I’m Working From Home. All The Myths Are True.
Web Worker Daily today published a myth busting entry on home based web workers. Except… there’s nothing myth busting in the entry. Because all the myths are true.
Lets have a closer look at the myths and their reality.
1. You’re “working” at home…nudge nudge, wink wink.
Wink, wink… just don’t tell anyone, OK, but you’re right. All I do all day long is play Desktop Tower Defence and chat with my colleagues who also work from home. To be honest, I never get anything done. When I twitter that I have to run and do some shopping, actually it means that I’m heading to the nearest Starbucks to finally have some peace from my comfortable environment at home and get things done, because at home….
Aaarrrggh! Busted again at level 84!
2. You’re wearing pajamas, or are perhaps naked from the waist down.
Of course I am naked from the waist down. And also from the waist up. And you want to know why?

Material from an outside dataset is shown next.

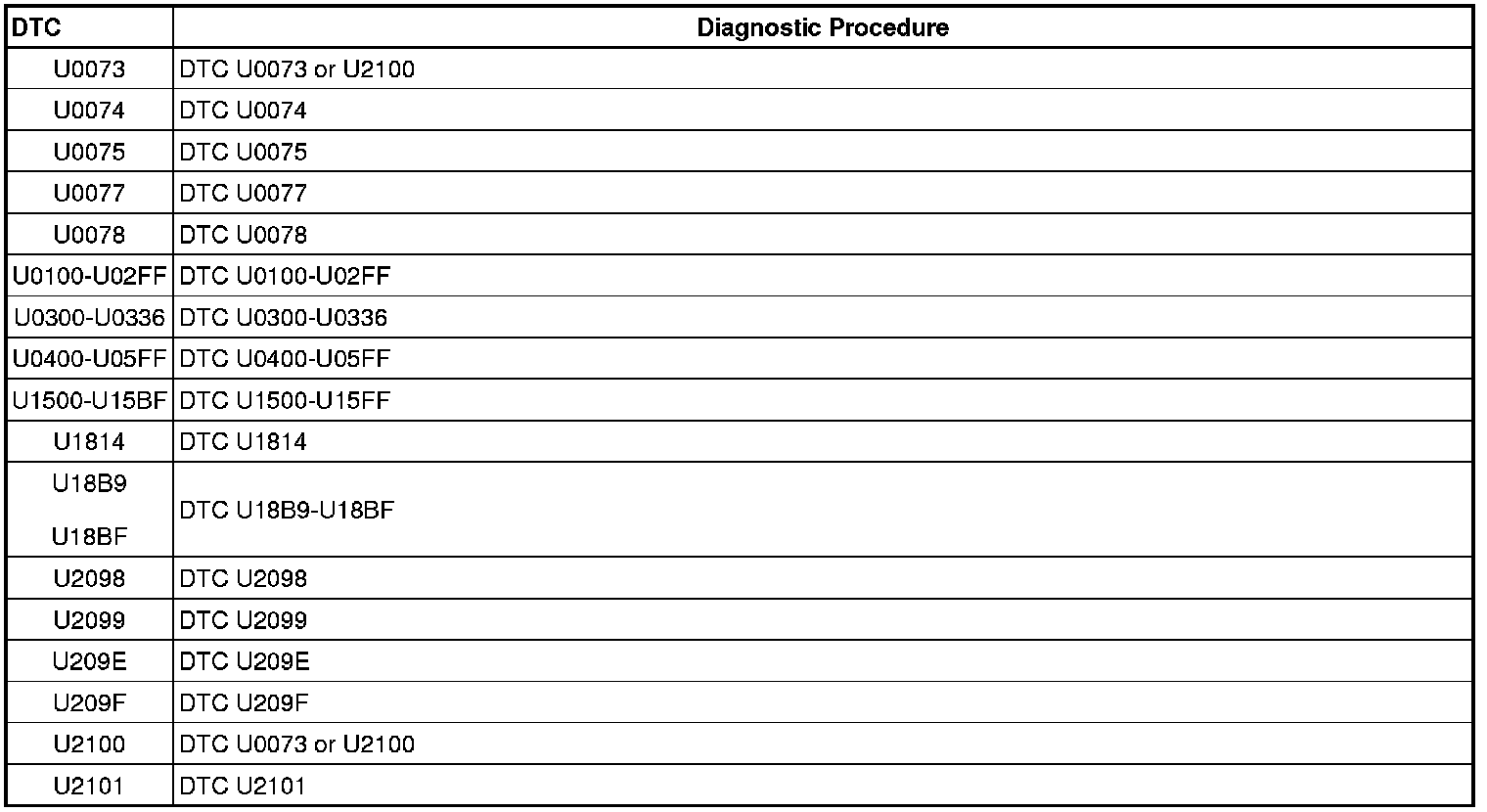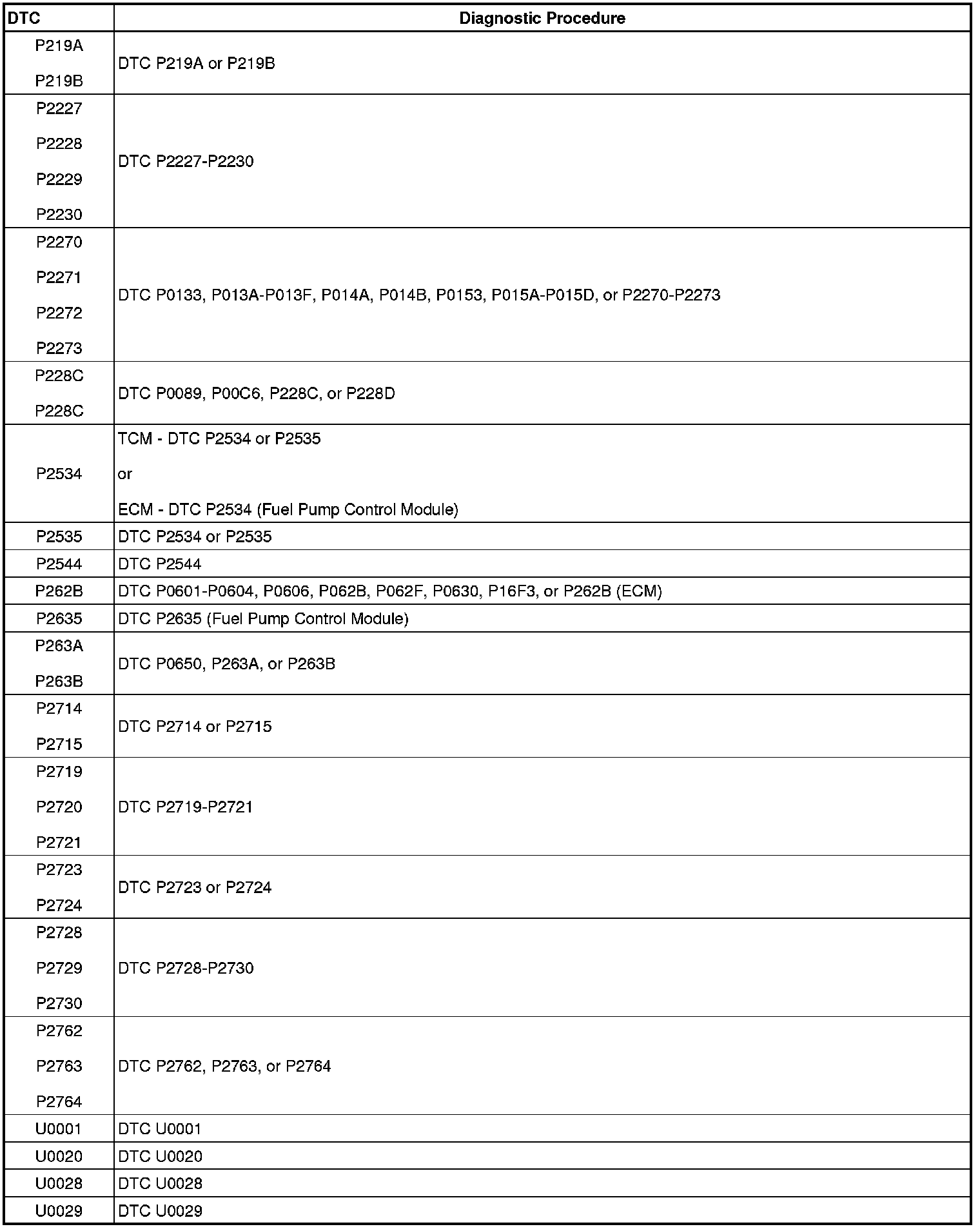 This master DTC list includes all applicable DTCs in alphanumeric order.

Working from home I don’t have to bother about shaving, showering or wearing a nice perfume. Actually everything here is perfumed: perfumed of days without showering, a full and overloaded ash tree, not washed plates all over the office and then, then there’s the need to be naked from the waist down. Because sometimes, sometimes I just itch. And isn’t the internet about accessibility? Nothing as accessible as being naked from the waist down. To scratch of course!
3. Home-based work is great because you get to spend more time with your family.

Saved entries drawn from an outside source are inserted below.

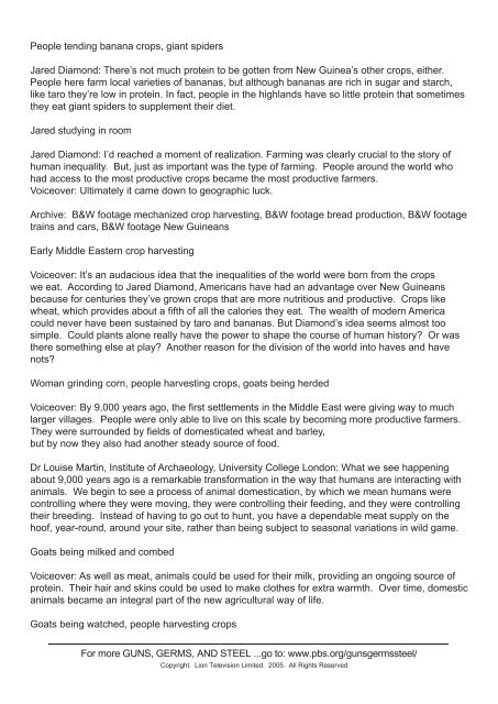 Guns, Germs and Steel Flashcards | Quizlet Guns, germs, and steel. Jared Diamond refers to the people of New Guinea as "among the world's most culturally diverse and adaptable people in the world", yet they have much less than modern Americans. Diamond has developed a theory about what has caused these huge discrepancies among different countries, and he says it boils down to geographic ... Guns Germ And Steel Episode 3 Worksheets - K12 Workbook Displaying all worksheets related to - Guns Germ And Steel Episode 3. Worksheets are Name date viewing guide guns germs and steel episode, Curriculum unit introduction title of unit change and, Newsies viewing guide answer key, Name date viewing guide teachers answer key guns, Msl study guide answer key, What a world 1 answer keys, What a world 1 answer keys ebook, What a world 1 answer keys pdf. Guns, Germs, and Steel Worksheet.pdf - Google Docs You may be offline or with limited connectivity. ... Download Guns Germs & Steel: Educators . Lesson Plans | PBS Guns, Germs and Steel provides enormous educational scope. These lesson plans are designed to accompany specific episodes in the three-part PBS series. Each lesson focuses on a specific part of ...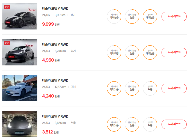 테슬라 모델 Y 중고차 현황
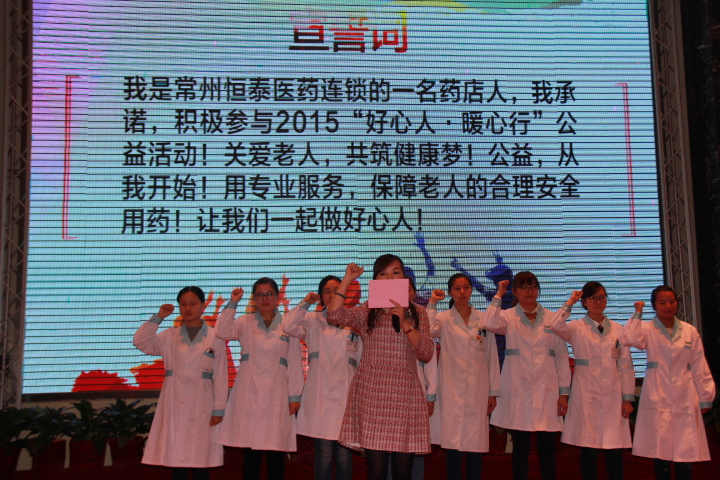 “好心人·暖心行公益活动”是药店圈首个公益捐赠类活动,由第一药店主办,浙江医药上海维艾乐健康管理有限公司协办,旨在呼吁全社会共同关爱老年人健康,尤其是心脑血管健康。恒泰人民(江苏)大药房连锁有限公司作为合作企业对活动给予了大力支持。首场启动仪式在江苏常州市金陵明都大酒店正式举行!小艾带大家步入启动现场看一看——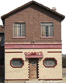 Goody's Bar (949K)  - A few blocks north of the South Park church is another Dayton landmark - Goody's Bar.  In the original shot, almost a quarter of the building is blocked by a huge traffic light on a post.  Editing that out caused some of the tiles left of the doorway to look a little strange, but I doubt most folks would notice. This is one of the smallest structures on this page. You could probably start with the O-scale version, then go to the S scale version if it seems too big. |   | |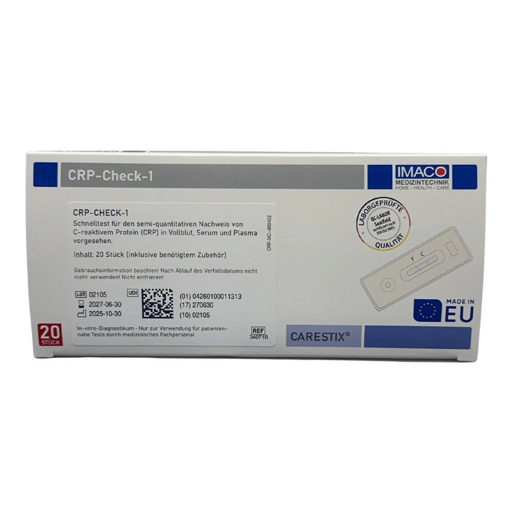 Schnelltest für den semiquantitativen Nachweis von CRP (C-reaktives Protein) in Vollblut, Serum oder Plasma. Auswertung nach 5 Minuten.

Yes! And I’m glad I took the decision to work from home and spend more time with my PMSing partner, my kids always running the office down and telling me how they just set a new family high score for Desktop Tower Defence. Finally I can share my wife’s hours of phone fun… with the neighbor’s wife! A dream come true, quality time with the family!

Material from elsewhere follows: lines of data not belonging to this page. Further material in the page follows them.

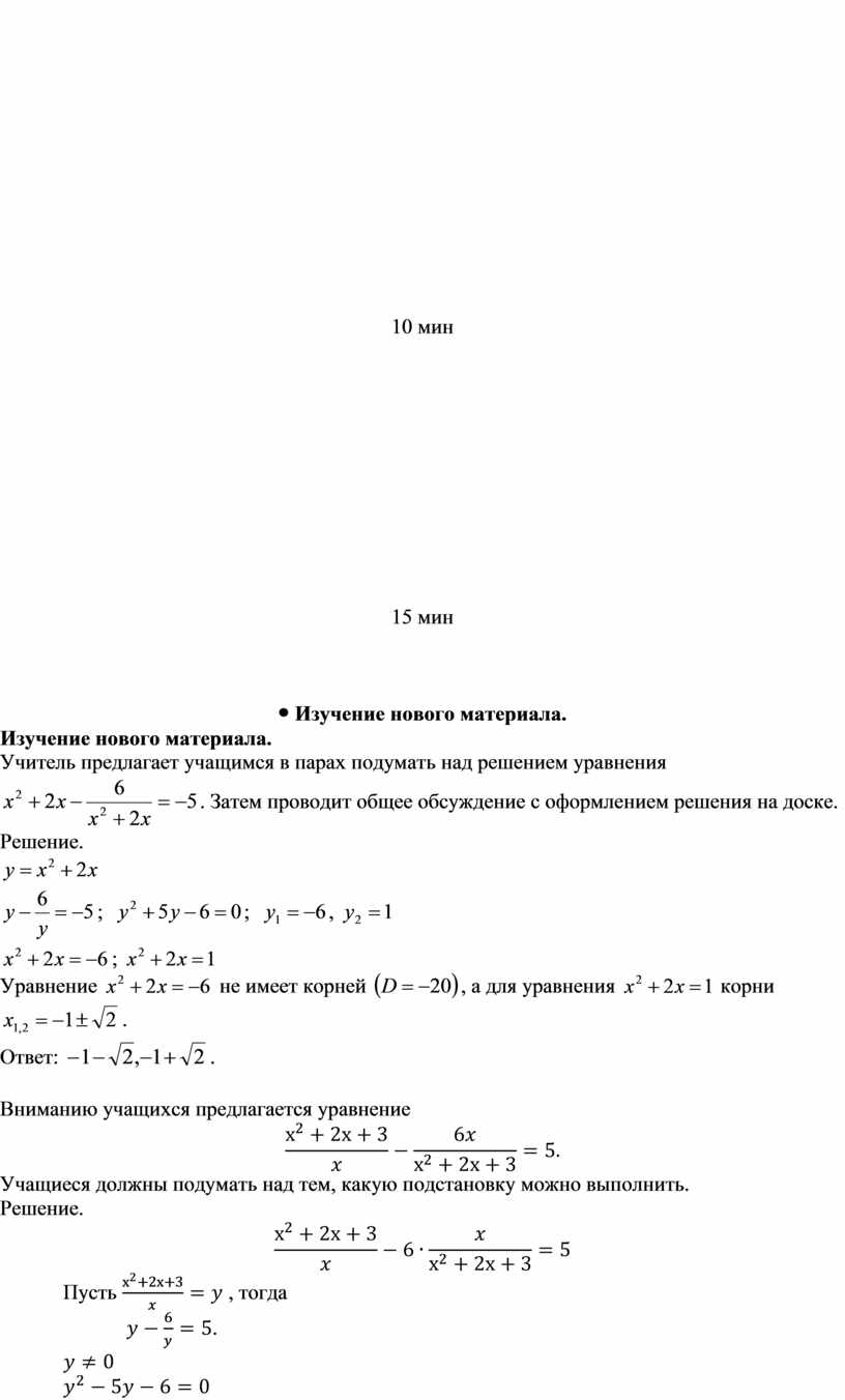 Дескрипторы - применяет метод введения новой переменной; - знает и применяет алгоритм решения дробных рациональных уравнений; - решает полученное квадратное уравнение; - находит корни уравнений. |
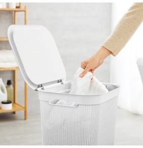 21,79 €50 litrų talpos skalbinių krepšys su dangčiu kvapams sulaikyti ir patogia pakabos anga. -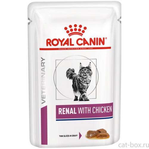Влажный корм ROYAL CANIN RENAL WITH CHICKEN (РЕНАЛ С КУРИЦЕЙ), мелкие кусочки в соусе - полнорационный диетический корм для взрослых кошек для поддержания функции почек при хронической болезни почек. Пониженное содержание фосфора и умеренное количество белка помогают поддерживать функции почек. Специально разработанный ароматический профиль помогает удовлетворить особые вкусовые предпочтения кошки.

4. You must get so lonely.
I truly am. Really. If it weren’t for the quality time with my family and all my pets I would be close to a mental break down. I miss my always bitching, never satisfied and perpetually complaining assistant. I miss mthe constant shouting of my exes because I didn’t reach the target I set myself and defined best all-time performance. I miss having to fire people if they don’t hit an average 8% growth based target. I miss all those people around me. It drives me nuts not to be bitched at anymore!
5. You must be involved in some kind of bleeding edge technology work to be able to work from home.
YES! I am, I am mapping a technological revolution. A revolution for workers world wide!
I am creating a system that will allow anyone to work from home, totally naked only surrounded by an office squatting family, an über-performing youth and always gossiping wife, suffering the lonely environments and mental challenges a stupid but addictive flash game poses you and hankering to leave the home office for just half an hour to finally get things done and leave your super high tech environment!
Disclaimer: I have a full time job ‘out of the home’ and run a second shift home-based. And trust me if I tell you that the home-based job is much harder. Harder because of all the ‘networking noise’, required discipline not to ‘physically degrade’ or procastinate and to have a working discipline. Resumed: harder because all those myths are totally untrue. But the freedom is enjoyable. That enjoyable I’m considering going full time, home-based!




I know what you mean. I’ve been working at home for the last 10 years and every time people find out they always say “Cool, that must be really nice.” The truth is, last few years have been really difficult. It’s very lonely and I’ve been getting easily distracted. And I’m not even a gregarious person.